– Что она сказала? – сглотнув горький комок, Лина наконец расслабилась и даже прижалась к его груди. Тепло Кирилла было надежным и приятным.
– Это неважно, – шепнул проводник. – Ты поспи еще. Мне нужно посмотреть, что с Германом.
Осторожно переложив Ангелину на диван, он выудил из сумки одежду. Какое-то время Кэйса жмурилась, чтобы не видеть его наготу, но потом осмелела. Он ведь такой, как она… И это не сон.
– Кирилл…
– Что?
– Ты отпускал его?
Он замер на миг, а потом, надев футболку, бросил через плечо:
– Несколько раз, – и вышел в темный коридор. Показалось, что тон его голоса изменился: стал густым, низким и страшным. Холод ужаса скользнул по спине и царапнул лопатки. Ангелина вжалась в мягкое тело дивана и прижала к груди колени. Так хотелось спрятаться и забыться.
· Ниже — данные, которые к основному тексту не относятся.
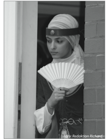
Die historische Modenschau verdeutlichte, dass sich Kleider und Leute wandeln.

Tatsächlich sind die kostümierten Menschen entweder Teil der historischen Modenschau, die auf dem Hof von Kutschen-Schöne mit Mitteln aus dem Quartiersfonds 1 stattfand oder eines Teams, das freiwillig über 200 Kilo schwere Strohhallen über die Straße rollte. Insgesamt traten 16 Mannschaften aus Neukölln, Zehlendorf und Usti nad Orlic an. Am Turnier mit den Jugendmannschaften waren immerhin vier Mannschaften am Start. Am Ende siegte wieder das Team aus der Tschechischen Republik, sie gewannen: Eine Reise nach Tschechien.

Кирилла долго не было, Лина даже начала дремать, когда в коридоре что-то затарахтело. И резко стихло.
Почему Кирилл не полечил себя? Почему отказался от близости? И, главное, как? Ведь темной ипостаси подчинялись все мужчины, и все оказывались мертвы.
Худое лицо Максима словно улыбнулось ей, материализовавшись на противоположной щербатой стене. Любовь не меряется объятиями и поцелуями, она может быть проверена только временем. А за эти годы мучений Лина поняла, что чувства стали гаснуть, и оставалось только чувство вины. Но тогда ей было так больно, что хотелось оборвать реальность… Только одно останавливало: темная. Кэйса знала, что если позволит ей властвовать, пострадает намного больше людей, и потому, пока жива, будет с ней бороться.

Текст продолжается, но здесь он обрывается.